(Entries taken from a collection)
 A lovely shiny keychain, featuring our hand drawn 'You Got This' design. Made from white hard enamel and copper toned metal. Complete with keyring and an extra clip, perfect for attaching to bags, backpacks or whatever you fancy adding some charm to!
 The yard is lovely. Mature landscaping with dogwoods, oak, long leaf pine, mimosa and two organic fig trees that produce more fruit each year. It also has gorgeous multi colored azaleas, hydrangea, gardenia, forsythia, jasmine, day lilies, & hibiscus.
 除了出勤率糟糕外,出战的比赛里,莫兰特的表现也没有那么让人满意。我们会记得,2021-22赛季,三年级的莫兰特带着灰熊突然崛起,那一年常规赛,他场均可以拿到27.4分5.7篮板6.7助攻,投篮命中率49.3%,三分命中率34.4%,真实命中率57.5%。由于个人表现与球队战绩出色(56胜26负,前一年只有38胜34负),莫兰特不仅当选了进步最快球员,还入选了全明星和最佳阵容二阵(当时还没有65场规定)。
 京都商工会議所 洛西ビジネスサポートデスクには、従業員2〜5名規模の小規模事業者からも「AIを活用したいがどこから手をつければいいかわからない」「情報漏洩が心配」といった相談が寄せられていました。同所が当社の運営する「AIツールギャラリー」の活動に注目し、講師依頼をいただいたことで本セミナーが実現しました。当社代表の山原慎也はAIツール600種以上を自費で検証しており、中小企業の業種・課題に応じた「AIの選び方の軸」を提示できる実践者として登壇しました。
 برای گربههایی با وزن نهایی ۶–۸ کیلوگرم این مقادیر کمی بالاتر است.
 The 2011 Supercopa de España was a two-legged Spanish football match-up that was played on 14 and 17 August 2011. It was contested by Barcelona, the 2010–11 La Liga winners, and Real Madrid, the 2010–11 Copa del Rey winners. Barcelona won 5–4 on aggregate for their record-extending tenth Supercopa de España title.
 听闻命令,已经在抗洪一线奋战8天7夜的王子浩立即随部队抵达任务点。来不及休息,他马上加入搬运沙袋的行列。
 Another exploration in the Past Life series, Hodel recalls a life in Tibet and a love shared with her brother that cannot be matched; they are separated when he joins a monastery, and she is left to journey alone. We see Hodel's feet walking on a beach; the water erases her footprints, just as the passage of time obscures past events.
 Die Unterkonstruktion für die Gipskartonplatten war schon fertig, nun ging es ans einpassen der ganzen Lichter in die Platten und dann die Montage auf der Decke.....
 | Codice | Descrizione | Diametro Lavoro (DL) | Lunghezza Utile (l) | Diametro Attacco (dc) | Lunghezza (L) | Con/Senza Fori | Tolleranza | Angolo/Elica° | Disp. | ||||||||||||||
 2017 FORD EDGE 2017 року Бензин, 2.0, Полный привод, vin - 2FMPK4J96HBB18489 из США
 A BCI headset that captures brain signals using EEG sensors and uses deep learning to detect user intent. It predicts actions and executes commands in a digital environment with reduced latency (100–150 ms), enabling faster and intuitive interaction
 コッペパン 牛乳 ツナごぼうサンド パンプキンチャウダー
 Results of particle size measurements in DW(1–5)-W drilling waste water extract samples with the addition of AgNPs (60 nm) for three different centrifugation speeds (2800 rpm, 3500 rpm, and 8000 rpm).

** WHAT IS EXPECTED **
Starting from the first line of the records above, retype each line exactly up to and including the one that contains "京都商工会議所 洛西ビジネス", and nothing more.

** EXERCISE OUTPUT **
 A lovely shiny keychain, featuring our hand drawn 'You Got This' design. Made from white hard enamel and copper toned metal. Complete with keyring and an extra clip, perfect for attaching to bags, backpacks or whatever you fancy adding some charm to!
 The yard is lovely. Mature landscaping with dogwoods, oak, long leaf pine, mimosa and two organic fig trees that produce more fruit each year. It also has gorgeous multi colored azaleas, hydrangea, gardenia, forsythia, jasmine, day lilies, & hibiscus.
 除了出勤率糟糕外,出战的比赛里,莫兰特的表现也没有那么让人满意。我们会记得,2021-22赛季,三年级的莫兰特带着灰熊突然崛起,那一年常规赛,他场均可以拿到27.4分5.7篮板6.7助攻,投篮命中率49.3%,三分命中率34.4%,真实命中率57.5%。由于个人表现与球队战绩出色(56胜26负,前一年只有38胜34负),莫兰特不仅当选了进步最快球员,还入选了全明星和最佳阵容二阵(当时还没有65场规定)。
 京都商工会議所 洛西ビジネスサポートデスクには、従業員2〜5名規模の小規模事業者からも「AIを活用したいがどこから手をつければいいかわからない」「情報漏洩が心配」といった相談が寄せられていました。同所が当社の運営する「AIツールギャラリー」の活動に注目し、講師依頼をいただいたことで本セミナーが実現しました。当社代表の山原慎也はAIツール600種以上を自費で検証しており、中小企業の業種・課題に応じた「AIの選び方の軸」を提示できる実践者として登壇しました。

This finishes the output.